Algarve, o deserto português
Para quando um país a investir no que realmente importa? Ou só iremos acordar quando o Algarve for já uma extensão de Marrocos, com o deserto aos nossos pés? Invictamente, por João Fróis
Temos tido um outono e início de inverno com boa pluviosidade, mas somente a centro e norte, com as albufeiras cheias e com total recuperação dos níveis de secura extrema recentes. No Algarve a situação continua, no entanto, dramática, com as principais albufeiras em níveis de verão e com reservas para apenas alguns meses.
As alterações climáticas, independentemente da sua origem ser mais ou menos humana, são um facto indesmentível e os fenómenos extremos agudizam-se. Verões mais quentes e com recordes de temperatura, invernos mais curtos e menos frios mas com episódios extremos como o que afetam a europa central e norte por estes dias, com nevões épicos e picos negativos que superaram os 40º negativos na Escandinávia.
Na península ibérica, com um clima misto de atlântico e mediterrâneo, a escassez de água é há muito mais que uma preocupação, uma realidade. Mas enquanto a vizinha Espanha, mais quente e seca, há muito elaborou um plano de transvases entre bacias hidrográficas para obstar à secura extrema da região do Levante, por cá continuamos a assistir á desertificação do algarve e baixo Alentejo e pouco temos feito para inverter esta tendência dramática. O efeito Alqueva tem as suas limitações e não consegue responder a todas as solicitações da região, sejam na agricultura, a grande consumidora do precioso líquido, seja no consumo humano.
Se o plano de transvases espanhol sempre gerou muitas críticas, pelo efeito de secagem que está a provocar na bacia do Tajo, a denominação vizinha para o também nosso Tejo, a verdade é que desde que a ligação Tajo-Segura foi implementada em 1979, a outrora semi-desértica região do Levante transformou-se na horta de Espanha, com milhares de hectares de regadio e estufas que produzem para o mercado interno e para exportação. Com a escassez de pluviosidade da bacia do Tajo os problemas deste transvase agudizam-se e podem comprometer esta ligação artificial e a sua efetividade, mas noutros casos o sistema continua fluido, como são os casos da Bacia do Ebro, a montante em Besaya, de 1982 e a jusante, em Tarragona, de 1989. Mais recente e claramente a aproveitar o efeito Alqueva, a ligação Guadiana – Guadalquivir pretende alimentar a bacia deste importante rio que abastece cidades como Córdoba e Sevilha e onde existem olivais a perder de vista.

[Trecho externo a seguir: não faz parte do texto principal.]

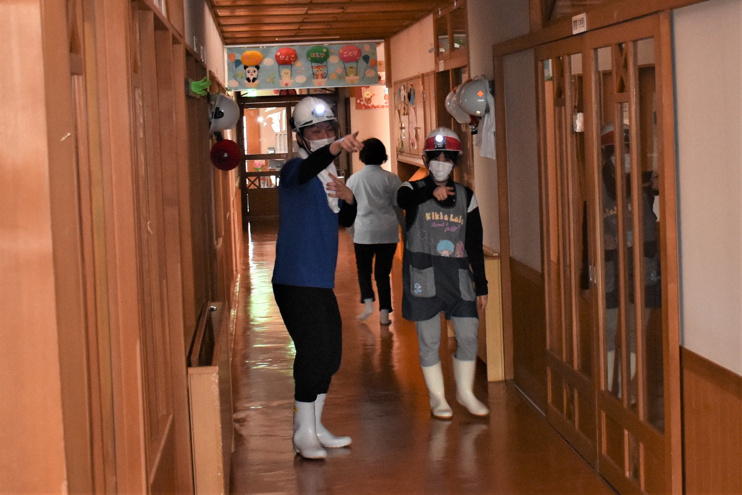 <夜勤者と子どもたちの避難完了>

Por cá a chuva continua felizmente a cair em bom ritmo a centro e norte e ainda ontem, em viagem, passei sobre o rio Vouga e o alagamento dos terrenos em volta fez logo pensar na secura que o algarve vive e no contraste gritante entra esta abundância e desperdício no distrito de Aveiro e a dramática escassez 500 quilómetros a sul no distrito de Faro. Houvesse um sistema de transvases entre bacias e poderíamos aproveitar a água que a norte flui para o mar e deslocá-la para as albufeiras do Sul do Alentejo e Algarve.
Fala-se muito em projetos estruturais em Portugal, construíram-se autoestradas em catadupa e muitas delas pouco tráfego têm, continuamos a falar no novo aeroporto de Lisboa ao fim de 50 longos anos e a alta velocidade ferroviária só agora está em projeto e fase de arranque, quando na europa já existe desde os anos 70 do século XX. Estes atrasos refletem as inércias de planeamento e prioridades neste país e são tão mais preocupantes face ao curso do tempo e aos problemas acrescidos que as alterações climáticas trazem e que são já uma realidade com a qual temos de aprender a viver.
Pensar em criar um sistema de transvases das bacias do Douro e Vouga para as do Tejo, Sado e Mira, parece mais que uma boa ideia, uma inevitabilidade. As já tão faladas centrais de dessalinização podem ser igualmente uma solução a aplicar, mas não terão capacidade para debelar as imensas necessidades que a região sul já tem e mais virá a ter num futuro próximo. Afinal sem água não há vida e termos na região mais seca do país as maiores infraestruturas turísticas nacionais, é um paradoxo e em breve um enorme problema que só as ditas centrais de dessalinização poderão de alguma forma atenuar.